Nothing has changed. That is the damning verdict of Doreen Lawrence three years after the Macpherson report. That report was into the police handling of the 1993 racist murder of Doreen's son, black teenager Stephen Lawrence.
The report exposed institutional racism throughout the police. It was supposed to signal a new chapter in the fight against racism in Britain, with promises from politicians and police that things would change. But Doreen Lawrence said last Saturday, 'We as black people are still on the outside looking in. 'That has not changed since the report came out.'
She was speaking at a 300-strong conference on fighting institutional racism in London. It was organised by the National Assembly Against Racism. People at the conference were shocked by Doreen Lawrence's revelation that 'I am bringing somebody here to protect my safety because of the racist hate mail that is being sent to this conference.'
And they heard her argue, 'Since the report was published I've been to many meetings and been told that the recommendations are being implemented. I can't say that I've noticed any vast improvements. There are people who are just biding their time. It didn't take long before police officers began to blame the Lawrence report for stopping officers from doing their job. How long are the police going to use this as an excuse?'
Many people in the audience were attending their first anti-racist conference. A number of people there voiced their alarm at the attempts by politicians to repackage racism in the wake of the riots last year in Bradford, Burnley and Oldham.
Among the speakers who addressed the conference were mayor of London Ken Livingstone and Labour Euro MP Claude Moraes. Ravi Chand, chair of the Black Police Association, highlighted the orchestrated backlash in the police force in the wake of the Macpherson report. He spelt out how black and ethnic minority officers are singled out, bullied and disciplined.

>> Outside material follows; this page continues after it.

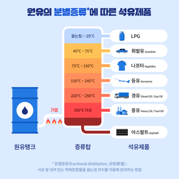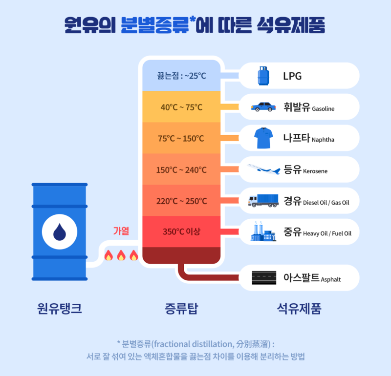 블렌딩한 각양각색의 원유를 정제하면 다양한 석유제품들이 추출된다. 의류, 플라스틱 등의 원료로 활용되는 나프타(Naphtha)는 맑고 투명한 액체다. 휘발유는 황금색에 가까운 노란색을 띤다. 끓는점을 활용한 원유 정제과정을 통해 가장 마지막으로 남게 되는 아스팔트(Asphalt)는 검은색이다.

Ravi Chand said, 'If that's how they treat fellow officers, how do they treat the public? Most victims of racist crime are told by the Crown Prosecution Service that they do not have enough evidence to prosecute. In one case two weeks ago a black family called the police when their door was being kicked in by racists. Members of the family were beaten up. The police didn't turn up-the scene of crime team didn't turn up for three days.'
Sheila Sylvester, the mother of Roger Sylvester, also gave a chilling reminder of how black people can be treated when they come in contact with the police. Roger Sylvester died in police custody in Tottenham in north London in January 1999.
Three years after Roger's death his family are still demanding full disclosure of the details surrounding it, the suspension of the eight officers involved and a public inquiry. Everyone at the conference was united in their opposition to the New Labour government's latest proposals on asylum, immigration and citizenship.

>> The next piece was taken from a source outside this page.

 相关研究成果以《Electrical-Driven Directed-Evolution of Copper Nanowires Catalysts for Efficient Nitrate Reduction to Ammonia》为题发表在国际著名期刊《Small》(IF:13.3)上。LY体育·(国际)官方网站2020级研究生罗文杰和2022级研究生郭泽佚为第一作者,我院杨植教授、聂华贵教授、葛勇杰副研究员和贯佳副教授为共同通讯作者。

A speaker who attacked the home secretary, David Blunkett, for making speeches which racists have cheered won the warmest applause of the day. Nick Hardwick from the Refugee Council also won loud applause when he condemned the government's detention and imprisonment of refugees.

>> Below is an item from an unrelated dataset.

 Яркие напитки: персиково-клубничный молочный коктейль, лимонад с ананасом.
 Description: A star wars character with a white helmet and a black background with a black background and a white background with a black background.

And with less than ten weeks to go before the local council elections in England, appeals were made by Anti Nazi League activists. They had been out campaigning in Oldham, one of the towns where the Nazi BNP won worrying votes at last year's general election. The Nazis are hoping to build, and to win votes in the council elections on 2 May.
The anti-Nazi activists stressed the urgency of getting increased numbers of people out on the streets in Oldham, and in Bradford, Burnley and elsewhere, to ensure the BNP is effectively challenged.